Поразмышляв, он, в итоге обнажил перед ней свои истинные чувства:

“Просто я… подумал, что хочу что-нибудь сделать. Что-нибудь, чего не мог сделать раньше”.

В ответ мать слабо улыбнулась и дала совет:

“Вот так и скажи. В выступлениях главное — достучаться до душ слушателей. Будешь зачитывать грандиозные манифесты — потеряешь аудиторию”.

— Достучаться до души… — пробормотал Харуюки, водя пальцами.

Наконец, он нажал на кнопку “Я”. Затем, после недолгих колебаний, на пробел. Ещё на кнопку. Ещё. Когда Харуюки писал сообщения друзьям, то печатал вслепую почти со скоростью Утай, но сейчас его руки двигались так неуклюже, словно он пытался набирать текст в боксёрских перчатках.

Лишь через десять секунд он поставил первую точку, поднял голову и прочитал: “Я ненавижу себя”.

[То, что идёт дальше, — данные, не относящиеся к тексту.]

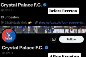 水晶宮各項(xiàng)賽事19場(chǎng)不敗就此告終,球隊(duì)官推的介紹也刪去了“19場(chǎng)不敗”的備注。

Ему тут же представилось, как большая часть слушателей немедленно подумает: “Вот и работай над тем, чтобы полюбить себя”. От этого хора воображаемых голосов рука сама потянулась к “бэкспейсу”, но Харуюки сдержался и не стал ничего стирать. Вместо этого он продолжил:

“Ненавижу настолько, что ещё много лет назад отвернулся от себя, не желая ни смотреть в зеркало, ни думать о том, кто там. Где бы я ни был, что бы ни делал, я всегда лишь старался оставаться незаметным, чтобы со мной никто не разговаривал”.

Действительно ли он хотел говорить об этом перед всей школой? Может, лучше не вызывать отвращение у слушателей надрывными признаниями, а зачитать какой-то более оптимистичный манифест? Но слова лились нескончаемым потоком:

“У меня были друзья, которые заботились обо мне несмотря ни на что. Но я не верил даже им. Иногда я отталкивал протянутые руки помощи и убегал, бросая на ходу ужасные оскорбления. И, если честно, даже сейчас, читая вам эту речь, в глубине души я нисколько не изменился. Я хочу всё бросить и убежать и не могу представить себя членом школьного совета. Но даже несмотря на это…”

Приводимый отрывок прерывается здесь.